2. The joy and enthusiasm generated by this type of demonstration should not serve as an excuse to ignore the strategic problems that the movement in defense of public health faces. The potentialities as well as the problems must be put on the table. This is a fight that has been going on for two decades in the Community of Madrid and cannot simply consist of going out periodically when conditions worsen for conjunctural reasons. The problem of public health is structural and requires a structural, and therefore strategic, response.

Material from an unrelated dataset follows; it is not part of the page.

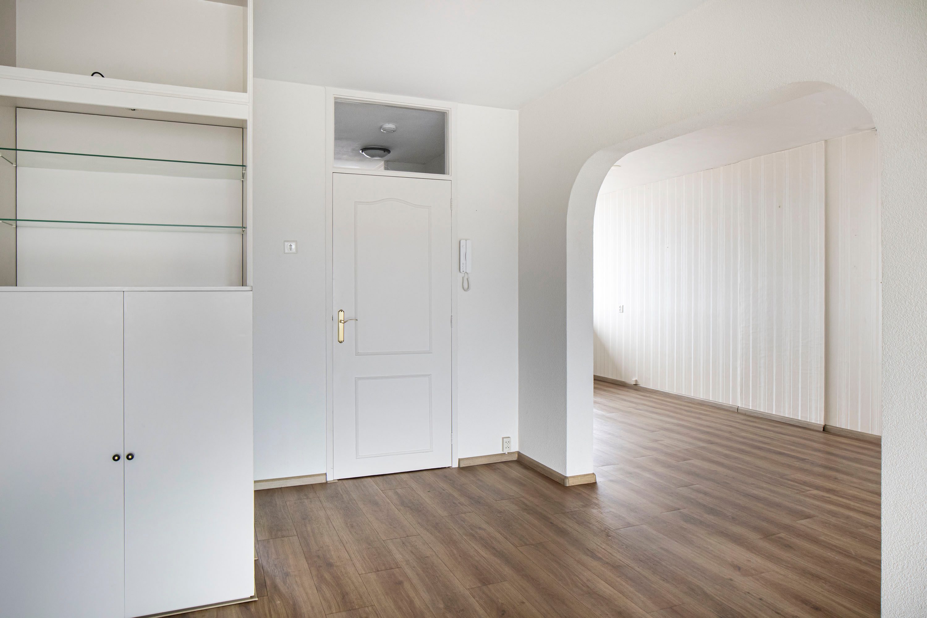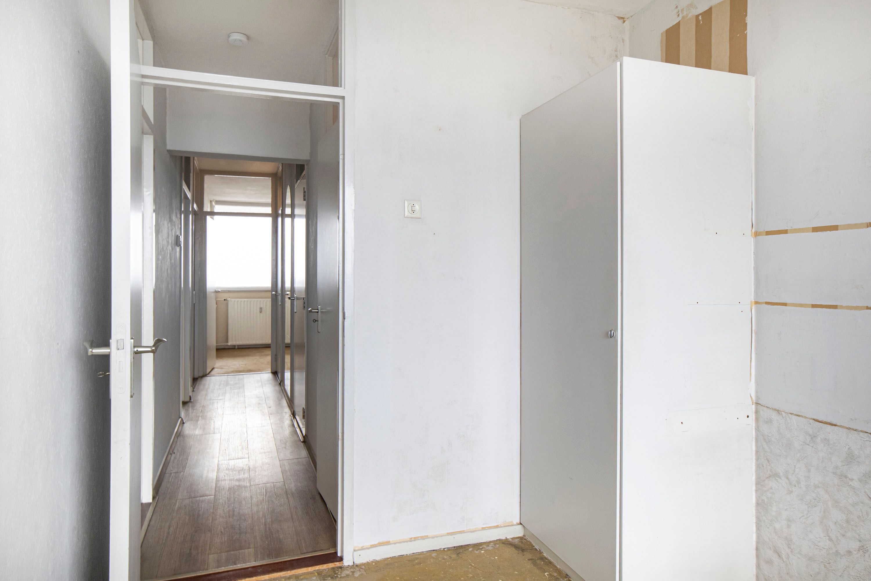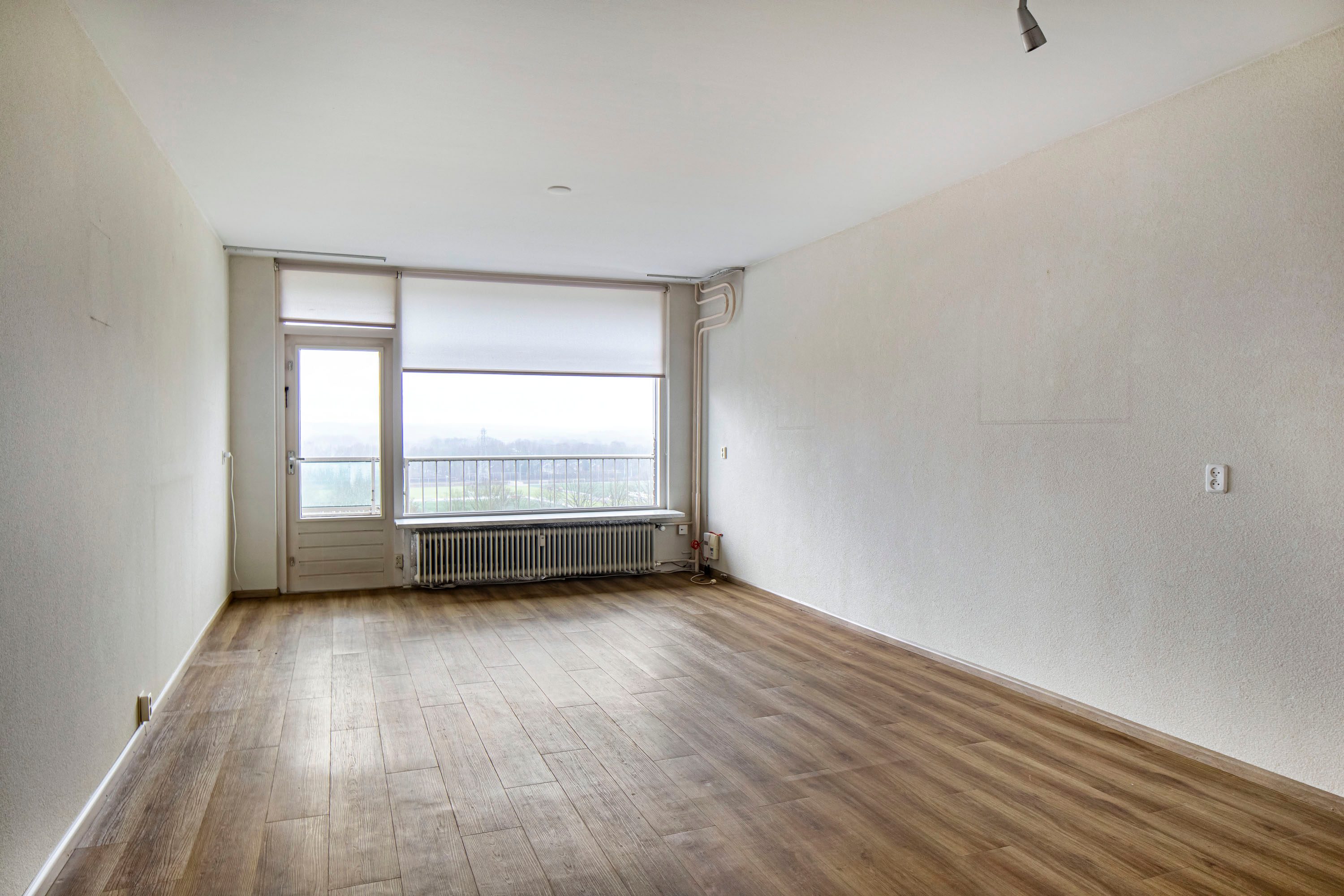 Via de entree kom je binnen in de hal met de meterkast en een vaste kastenwand. Vanuit hier loop je door naar de ruime woonkamer, waar je direct het vrije uitzicht en de prettige lichtinval ervaart. De woonkamer geeft toegang tot het balkon, gelegen op het zuidwesten, een heerlijke plek waar je een groot deel van de dag van de zon kunt genieten. Daarnaast is er in de woonkamer een vaste inbouwkast, handig voor extra bergruimte.

3. There is a big difference between the organisational structure of the movement and its capacity for mobilisation, in favour of the latter. There are some particularly dynamic neighbourhood structures, but on too many occasions the method of fighting for the defense of health is excessively routine and dominated by the old neighbourhood apparatuses. This routine is reflected in the very composition of the movement, whose mobilising nucleus is retired people, with families with small children joining on days of great mobilisation. This is, of course, a great starting point, but it should not be viewed as an insurmountable limit. In reality, it reflects more the power of what is "left out" than anything else: the working class of migrant origin, young workers, broad sectors of the working class... There is a broad spectrum still outside of this mobilising wave that must be incorporated, enriching a class composition that is still too closely linked to the traditional left and that does not reflect all the diversity of the new Madrid working class,which is excluded from political representation. If one lives in a working-class neighbourhood of Madrid and observes with a minimum of attention, one sees more and more evangelical churches and more tables (yes, the traditional "propaganda distribution" table) operating in these sectors. Contrary to what seems to be, the "mountain will not go to Muhammad": addressing these social sectors systematically and closely, incorporating them into the process of struggle, is a basic precondition for overcoming the current situation of "catastrophic deadlock" between large mobilisations and a PP government that is not willing to give in under any circumstances. Of course, this molecular work is already being done in some places by grassroots movements in defense of healthcare, and it is no coincidence that where it is done, the type of mobilisation is at a higher level. It is necessary to replicate it, extend it and strengthen that type of daily militancy that is so decisive but so little visible.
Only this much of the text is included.